They call me Lola.
Lola Lola (Marlen Dietrich),
Der Blaue Engel
Whenever I smell Fracas, the line from Raymond Chandler's Farewell My Lovely comes to my mind: "It was a blonde. A blonde to make a bishop kick a hole in a stained glass window." Fracas is an olfactory equivalent of a stunning, strong-willed, supremely confident, sharply dressed blonde; to me, it is one of the olfactory portraits of Marlene Dietrich who, according to Jan Moran, did in fact wear Fracas.
Fracas starts deceivingly low-key on my skin, almost citrusy, gradually the scents becomes sweeter and sweeter, the fragrance gathers momentum, with the orange blossom note heralding the arrival of the queen tuberose…and suddenly there she is, immense tubéreuse rose à bandes orange (Luca Turin), in all her carnal glory. Tuberose takes the limelight and puts all other notes into the shade, even the usually equally ferocious ones, jasmine and gardenia. The only note able to stand up to tuberose is, unexpectedly, lily of the valley, that note is like a cold silvery streak running through the creamy, luscious middle stage of the perfume. The drydown is vaguely mossy and slightly animalic (musky) to my nose.

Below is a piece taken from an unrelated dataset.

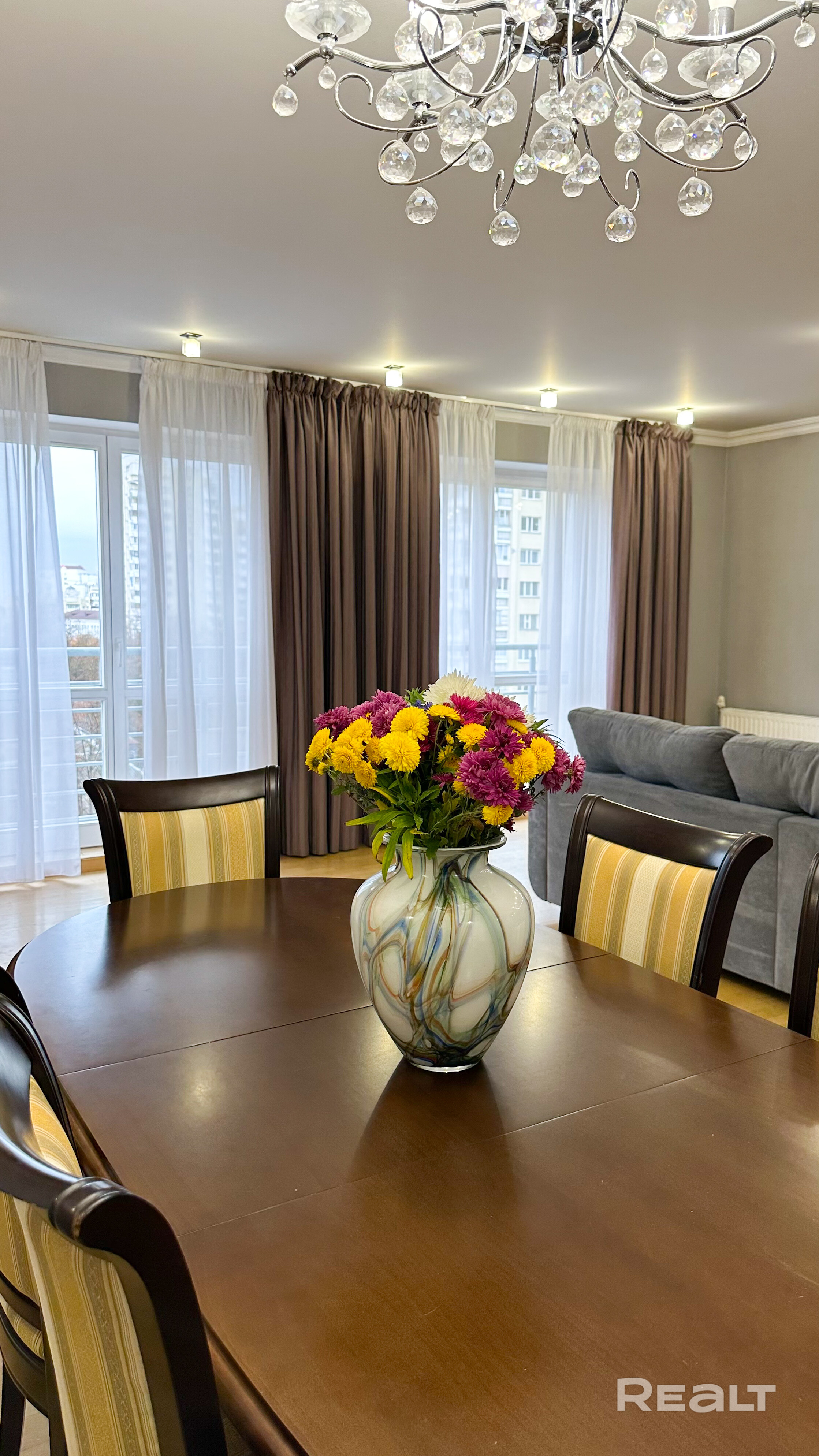 Шикарная инфраструктура - рядом с домом находится живописная зона отдыха Комсомольского озера, Парк Победы, Стела "Минск-город-герой", Главная велодорожка города, все необходимое для комфортной жизни находится в шаговой доступности: многочисленные продовольственные магазины, спортивные объекты, сады, школы, гимназия №36, банки, аптеки, кафе, рестораны, торговые центры, в том числе недалеко торговый центр "Корона" и "Корона замок", Дворец спорта. В доме есть охраняемый круглосуточно и отапливаемый подземный гараж.

I am a self-confessed white floral hater, but I adore Fracas. It is a grand scent, a diva, a heady, incredibly sensual perfume, tuberose extraordinaire, and yet it fails to intimidate me. I feel I can actually pull it off. Granted, I need an occasion to wear it, and I have to be dressed to the nines, in an uncluttered and flamboyant Piguet style, but when I do… just call me Lola.